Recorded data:
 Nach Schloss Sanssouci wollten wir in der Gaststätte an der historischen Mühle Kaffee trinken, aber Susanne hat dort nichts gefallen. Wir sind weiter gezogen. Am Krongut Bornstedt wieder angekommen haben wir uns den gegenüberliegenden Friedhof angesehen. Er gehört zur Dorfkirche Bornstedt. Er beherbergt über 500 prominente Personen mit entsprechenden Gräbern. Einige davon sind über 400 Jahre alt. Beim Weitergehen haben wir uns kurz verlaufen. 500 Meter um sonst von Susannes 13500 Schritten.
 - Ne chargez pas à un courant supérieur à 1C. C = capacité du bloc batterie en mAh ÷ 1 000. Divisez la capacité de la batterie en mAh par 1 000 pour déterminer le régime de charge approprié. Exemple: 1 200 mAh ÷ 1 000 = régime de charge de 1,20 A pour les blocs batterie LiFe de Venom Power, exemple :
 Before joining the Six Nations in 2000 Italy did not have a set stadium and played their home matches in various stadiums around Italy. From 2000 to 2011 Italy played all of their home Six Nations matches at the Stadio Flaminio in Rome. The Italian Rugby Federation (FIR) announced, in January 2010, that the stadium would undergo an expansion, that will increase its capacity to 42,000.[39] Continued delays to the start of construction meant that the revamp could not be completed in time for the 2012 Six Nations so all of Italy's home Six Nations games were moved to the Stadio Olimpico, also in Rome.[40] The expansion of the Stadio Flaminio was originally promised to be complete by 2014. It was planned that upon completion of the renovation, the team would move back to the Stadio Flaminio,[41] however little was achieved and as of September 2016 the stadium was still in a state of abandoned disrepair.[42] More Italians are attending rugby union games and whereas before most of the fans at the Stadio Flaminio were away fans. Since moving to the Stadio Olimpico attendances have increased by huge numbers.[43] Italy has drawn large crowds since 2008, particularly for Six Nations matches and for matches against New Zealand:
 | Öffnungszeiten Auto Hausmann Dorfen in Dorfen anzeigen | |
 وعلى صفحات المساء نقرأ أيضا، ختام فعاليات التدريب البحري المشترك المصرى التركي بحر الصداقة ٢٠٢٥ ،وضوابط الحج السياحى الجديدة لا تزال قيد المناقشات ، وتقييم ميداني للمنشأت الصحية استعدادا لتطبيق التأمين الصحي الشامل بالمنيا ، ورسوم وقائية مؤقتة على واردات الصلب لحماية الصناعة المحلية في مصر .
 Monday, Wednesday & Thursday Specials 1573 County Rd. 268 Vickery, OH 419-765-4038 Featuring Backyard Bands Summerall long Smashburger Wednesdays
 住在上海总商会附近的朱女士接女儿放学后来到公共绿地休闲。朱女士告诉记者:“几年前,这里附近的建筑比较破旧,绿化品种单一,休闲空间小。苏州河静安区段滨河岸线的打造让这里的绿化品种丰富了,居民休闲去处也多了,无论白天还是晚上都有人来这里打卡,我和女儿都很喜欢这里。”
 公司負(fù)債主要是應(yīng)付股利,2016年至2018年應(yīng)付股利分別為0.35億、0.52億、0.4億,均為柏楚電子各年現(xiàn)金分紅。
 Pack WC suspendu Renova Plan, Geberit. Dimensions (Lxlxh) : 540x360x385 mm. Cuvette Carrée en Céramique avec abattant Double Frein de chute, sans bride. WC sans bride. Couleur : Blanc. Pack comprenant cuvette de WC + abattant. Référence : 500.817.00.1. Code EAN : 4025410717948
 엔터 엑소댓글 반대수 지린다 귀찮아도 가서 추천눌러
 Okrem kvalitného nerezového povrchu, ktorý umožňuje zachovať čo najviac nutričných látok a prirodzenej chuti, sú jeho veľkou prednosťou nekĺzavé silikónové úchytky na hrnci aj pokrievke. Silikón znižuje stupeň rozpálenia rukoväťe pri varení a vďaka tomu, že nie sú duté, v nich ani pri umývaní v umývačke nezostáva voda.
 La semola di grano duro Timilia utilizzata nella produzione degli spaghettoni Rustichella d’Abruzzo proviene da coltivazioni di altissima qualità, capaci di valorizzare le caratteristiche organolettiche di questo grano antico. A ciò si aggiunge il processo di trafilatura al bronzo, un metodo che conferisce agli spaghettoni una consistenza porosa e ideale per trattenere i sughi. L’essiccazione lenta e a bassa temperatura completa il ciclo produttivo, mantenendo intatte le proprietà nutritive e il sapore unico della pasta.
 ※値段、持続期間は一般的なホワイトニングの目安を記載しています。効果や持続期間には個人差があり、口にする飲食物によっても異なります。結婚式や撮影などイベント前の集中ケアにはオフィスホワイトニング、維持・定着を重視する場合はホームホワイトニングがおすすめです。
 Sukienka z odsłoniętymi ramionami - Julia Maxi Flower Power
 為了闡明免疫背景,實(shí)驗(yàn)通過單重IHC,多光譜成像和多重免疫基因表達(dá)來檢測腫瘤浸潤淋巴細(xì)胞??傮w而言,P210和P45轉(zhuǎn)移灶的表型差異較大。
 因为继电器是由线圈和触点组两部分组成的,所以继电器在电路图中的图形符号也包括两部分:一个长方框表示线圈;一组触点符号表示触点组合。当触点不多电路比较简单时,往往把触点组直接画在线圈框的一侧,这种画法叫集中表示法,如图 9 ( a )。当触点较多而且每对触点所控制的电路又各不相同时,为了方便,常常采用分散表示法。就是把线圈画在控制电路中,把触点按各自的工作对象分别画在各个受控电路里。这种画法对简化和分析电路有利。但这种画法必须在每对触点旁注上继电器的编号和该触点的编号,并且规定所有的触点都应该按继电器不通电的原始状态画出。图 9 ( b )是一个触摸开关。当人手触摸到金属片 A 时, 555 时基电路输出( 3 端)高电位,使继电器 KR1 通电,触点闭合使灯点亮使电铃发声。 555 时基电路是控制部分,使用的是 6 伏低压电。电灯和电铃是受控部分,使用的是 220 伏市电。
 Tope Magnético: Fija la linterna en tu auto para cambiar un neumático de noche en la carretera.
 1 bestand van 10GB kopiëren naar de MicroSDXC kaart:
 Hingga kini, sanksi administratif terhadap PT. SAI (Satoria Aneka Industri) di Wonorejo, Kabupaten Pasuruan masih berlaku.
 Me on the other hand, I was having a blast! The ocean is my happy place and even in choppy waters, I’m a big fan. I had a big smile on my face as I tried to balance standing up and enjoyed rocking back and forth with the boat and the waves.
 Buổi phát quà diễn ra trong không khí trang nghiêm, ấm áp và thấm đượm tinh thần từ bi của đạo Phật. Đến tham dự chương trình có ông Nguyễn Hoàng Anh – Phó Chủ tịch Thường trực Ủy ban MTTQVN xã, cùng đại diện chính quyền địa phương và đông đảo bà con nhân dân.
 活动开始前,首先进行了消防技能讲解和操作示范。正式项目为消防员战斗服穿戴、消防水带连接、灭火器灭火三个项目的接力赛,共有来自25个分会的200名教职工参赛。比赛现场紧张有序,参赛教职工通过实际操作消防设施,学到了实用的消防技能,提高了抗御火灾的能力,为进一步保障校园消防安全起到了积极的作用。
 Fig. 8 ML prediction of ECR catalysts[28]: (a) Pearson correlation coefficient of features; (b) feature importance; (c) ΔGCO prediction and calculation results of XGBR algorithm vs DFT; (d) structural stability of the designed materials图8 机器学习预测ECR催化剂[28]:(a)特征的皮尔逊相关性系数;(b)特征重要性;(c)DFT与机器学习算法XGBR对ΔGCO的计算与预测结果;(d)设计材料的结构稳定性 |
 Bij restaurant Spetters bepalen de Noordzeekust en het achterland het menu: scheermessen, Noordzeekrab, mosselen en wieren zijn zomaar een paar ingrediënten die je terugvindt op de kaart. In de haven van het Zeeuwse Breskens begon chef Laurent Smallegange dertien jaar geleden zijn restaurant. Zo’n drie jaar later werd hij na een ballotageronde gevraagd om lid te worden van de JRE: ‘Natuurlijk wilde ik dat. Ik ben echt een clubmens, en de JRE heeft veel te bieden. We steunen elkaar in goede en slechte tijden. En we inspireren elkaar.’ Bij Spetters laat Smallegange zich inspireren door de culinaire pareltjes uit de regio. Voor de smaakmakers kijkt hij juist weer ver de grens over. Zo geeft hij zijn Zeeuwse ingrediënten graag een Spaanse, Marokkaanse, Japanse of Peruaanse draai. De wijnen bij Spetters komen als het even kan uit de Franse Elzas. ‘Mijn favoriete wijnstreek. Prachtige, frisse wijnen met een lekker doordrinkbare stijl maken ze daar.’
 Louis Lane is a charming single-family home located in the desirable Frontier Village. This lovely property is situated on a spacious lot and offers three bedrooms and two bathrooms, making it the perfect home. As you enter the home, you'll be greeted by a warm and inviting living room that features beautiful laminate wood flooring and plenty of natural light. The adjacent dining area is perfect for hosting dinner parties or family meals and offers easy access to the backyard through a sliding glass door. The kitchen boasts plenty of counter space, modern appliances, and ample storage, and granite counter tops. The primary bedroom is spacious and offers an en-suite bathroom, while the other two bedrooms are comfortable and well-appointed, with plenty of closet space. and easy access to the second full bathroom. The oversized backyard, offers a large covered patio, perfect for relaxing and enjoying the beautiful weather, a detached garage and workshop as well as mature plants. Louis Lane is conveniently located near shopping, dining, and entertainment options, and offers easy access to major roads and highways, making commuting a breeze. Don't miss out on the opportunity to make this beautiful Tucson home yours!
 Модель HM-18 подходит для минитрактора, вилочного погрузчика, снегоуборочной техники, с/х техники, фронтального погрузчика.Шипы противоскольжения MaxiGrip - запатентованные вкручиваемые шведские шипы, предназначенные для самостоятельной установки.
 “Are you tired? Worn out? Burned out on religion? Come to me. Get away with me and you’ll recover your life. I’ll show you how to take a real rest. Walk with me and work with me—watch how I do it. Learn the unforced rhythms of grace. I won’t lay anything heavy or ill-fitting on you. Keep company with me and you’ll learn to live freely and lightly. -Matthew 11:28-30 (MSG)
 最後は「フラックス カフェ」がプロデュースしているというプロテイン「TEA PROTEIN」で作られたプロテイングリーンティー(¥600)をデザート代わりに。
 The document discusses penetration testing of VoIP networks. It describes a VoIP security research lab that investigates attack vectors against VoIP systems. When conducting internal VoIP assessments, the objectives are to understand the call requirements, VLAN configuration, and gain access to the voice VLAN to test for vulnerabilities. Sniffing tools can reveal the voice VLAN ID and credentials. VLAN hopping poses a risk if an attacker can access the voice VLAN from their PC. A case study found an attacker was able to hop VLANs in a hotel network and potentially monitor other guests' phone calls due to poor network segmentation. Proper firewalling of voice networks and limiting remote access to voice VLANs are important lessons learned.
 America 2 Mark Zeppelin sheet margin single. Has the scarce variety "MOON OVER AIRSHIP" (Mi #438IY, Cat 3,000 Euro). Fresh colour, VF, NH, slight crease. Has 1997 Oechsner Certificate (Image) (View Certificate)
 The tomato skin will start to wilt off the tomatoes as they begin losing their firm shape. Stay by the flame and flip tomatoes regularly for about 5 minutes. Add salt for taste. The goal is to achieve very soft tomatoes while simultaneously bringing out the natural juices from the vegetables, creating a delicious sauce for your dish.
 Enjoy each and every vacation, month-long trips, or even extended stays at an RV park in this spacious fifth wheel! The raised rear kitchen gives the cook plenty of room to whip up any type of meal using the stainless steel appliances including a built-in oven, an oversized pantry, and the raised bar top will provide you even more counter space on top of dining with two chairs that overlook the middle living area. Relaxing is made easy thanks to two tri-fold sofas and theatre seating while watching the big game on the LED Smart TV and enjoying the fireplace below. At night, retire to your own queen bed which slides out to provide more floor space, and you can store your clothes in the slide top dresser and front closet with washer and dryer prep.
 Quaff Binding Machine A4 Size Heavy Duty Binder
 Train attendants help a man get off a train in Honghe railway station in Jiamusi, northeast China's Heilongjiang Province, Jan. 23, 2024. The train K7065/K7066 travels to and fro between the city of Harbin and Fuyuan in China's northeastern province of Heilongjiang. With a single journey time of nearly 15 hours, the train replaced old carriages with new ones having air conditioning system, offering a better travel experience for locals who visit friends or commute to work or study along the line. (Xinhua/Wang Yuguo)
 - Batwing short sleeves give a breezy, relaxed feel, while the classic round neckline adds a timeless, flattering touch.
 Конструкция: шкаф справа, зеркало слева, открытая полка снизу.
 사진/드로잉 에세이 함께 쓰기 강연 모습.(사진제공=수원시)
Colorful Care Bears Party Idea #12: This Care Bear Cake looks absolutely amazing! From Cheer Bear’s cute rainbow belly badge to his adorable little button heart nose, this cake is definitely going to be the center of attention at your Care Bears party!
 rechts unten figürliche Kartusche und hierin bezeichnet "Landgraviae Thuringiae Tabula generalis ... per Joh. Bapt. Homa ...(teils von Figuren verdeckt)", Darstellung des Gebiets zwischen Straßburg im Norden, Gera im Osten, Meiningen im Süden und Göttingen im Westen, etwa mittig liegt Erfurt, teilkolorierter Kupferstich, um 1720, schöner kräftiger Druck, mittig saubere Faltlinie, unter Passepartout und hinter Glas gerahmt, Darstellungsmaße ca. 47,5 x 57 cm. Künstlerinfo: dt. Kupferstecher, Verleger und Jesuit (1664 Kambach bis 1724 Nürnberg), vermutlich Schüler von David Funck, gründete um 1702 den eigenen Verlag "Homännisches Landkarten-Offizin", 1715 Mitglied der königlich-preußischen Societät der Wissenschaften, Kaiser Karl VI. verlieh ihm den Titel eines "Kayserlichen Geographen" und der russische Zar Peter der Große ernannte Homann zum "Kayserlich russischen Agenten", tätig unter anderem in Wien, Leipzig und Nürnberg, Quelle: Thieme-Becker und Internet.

** PROBLEM TO SOLVE **
The lines above, starting at the one with "Buổi phát quà" and ending at the one with "活动开始前,首先进行了消防技", are the only ones to return, exactly as written.

** ANSWER BOX **
 Buổi phát quà diễn ra trong không khí trang nghiêm, ấm áp và thấm đượm tinh thần từ bi của đạo Phật. Đến tham dự chương trình có ông Nguyễn Hoàng Anh – Phó Chủ tịch Thường trực Ủy ban MTTQVN xã, cùng đại diện chính quyền địa phương và đông đảo bà con nhân dân.
 活动开始前,首先进行了消防技能讲解和操作示范。正式项目为消防员战斗服穿戴、消防水带连接、灭火器灭火三个项目的接力赛,共有来自25个分会的200名教职工参赛。比赛现场紧张有序,参赛教职工通过实际操作消防设施,学到了实用的消防技能,提高了抗御火灾的能力,为进一步保障校园消防安全起到了积极的作用。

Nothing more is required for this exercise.